Frank Lloyd Wright

Architect

Stats:

Lived:
June 8, 1867 — April 9, 1959

Birth Place:
Richland Center, Wisconsin

Famous:

Chief Accomplishment:
Pioneered organic architecture and completed over 1,000 buildings and projects.

Other Notable Accomplishments:

Designed the famous Guggenheim Art Museum for Contemporary Art in New York, New York.

Called the “greatest architect of all time” by the American Institute of Architects.

Pioneered new ideas about how to build houses, such as how to make them more energy efficient.

Founded the Frank Lloyd Wright School for Architecture at his “Taliesin” house in Spring Green, Wisconsin. This school incorporated classes on architecture along with dance, music, and earth science.

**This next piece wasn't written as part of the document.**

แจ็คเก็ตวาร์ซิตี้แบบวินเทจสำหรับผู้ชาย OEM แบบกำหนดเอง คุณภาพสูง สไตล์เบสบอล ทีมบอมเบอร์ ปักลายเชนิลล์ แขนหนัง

Built his most well-known building “Falling Water” in Mill Run, Pennsylvania. It is built over a natural waterfall that flows through the house.

Built an “earthquake proof” hotel in Tokyo, Japan and pioneered some innovative designs for earthquake prone areas.

Freethinker:

Nature as God. Wright believed that God was found only in nature, and that the idea of God was man’s explanation for the majesty and the tragedy of the wilderness. He once said, “Nature is my manifestation of God. I go to nature every day for inspiration in the day’s work. I follow in building the principles which nature has used in its domain.”

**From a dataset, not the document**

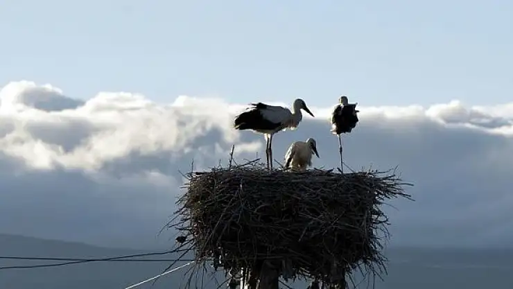 Ardahan'da yörenin biyoçeşitliliğine renk katan göçmen kuşlardan leylekler, köylülerin yaptığı yuvalar ve bıraktığı yemler sayesinde Ağzıpek köyünü mesken edindi.

Preaching the Word of Nature. Wright had a very deep appreciation for nature: the first rule in organic architecture is to respect nature and the land that you are working with. He would work primarily with local materials and would encourage his students to do so as well. He would call organic architecture the “simple laws of common sense.”

A Universalist Upbringing. His father was Baptist until he married Wright’s mother, when he converted to Unitarianism. Wright was also raised as a Unitarian. He even designed two Unitarian Universalist churches: Unity Temple in Oak Park, Illinois, and the Meeting House in Madison, Wisconsin.

Interesting Facts:

Before he was born, Wright’s mother declared that her son would grow up to build beautiful buildings. She decorated his nursery with pictures of cathedrals to motivate him. She also practiced a method of youth education called Froebel, a system of building with blocks and paper that was very geometric.

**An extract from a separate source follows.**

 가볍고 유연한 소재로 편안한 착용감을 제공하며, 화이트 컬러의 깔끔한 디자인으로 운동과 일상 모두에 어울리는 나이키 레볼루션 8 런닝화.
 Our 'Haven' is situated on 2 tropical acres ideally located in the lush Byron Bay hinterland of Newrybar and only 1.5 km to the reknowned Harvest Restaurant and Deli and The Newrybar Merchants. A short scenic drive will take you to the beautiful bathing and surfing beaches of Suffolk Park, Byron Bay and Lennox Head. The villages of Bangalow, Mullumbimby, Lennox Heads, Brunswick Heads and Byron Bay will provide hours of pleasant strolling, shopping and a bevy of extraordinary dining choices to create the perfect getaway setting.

He did not graduate high school but was admitted to the University of Wisconsin-Madison as a special student.

Wright was a big fan of traditional Japanese art and often decorated his houses with Japanese woodblock prints, called ukiyo-e, along other Japanese inspired architecture pieces.

Wright had a troubled family life and wasn’t able to stay in one place for very long.

When Wright was young, his mother and father wanted to “toughen him up.” They sent him to work on his uncle’s farm because Wright was a shy, quiet boy.

Some might go as far as calling Wright a “control freak.” He was notoriously hard to work with and would often tell the clients whose homes he built where their furniture should go and look down on their interior decorating skills.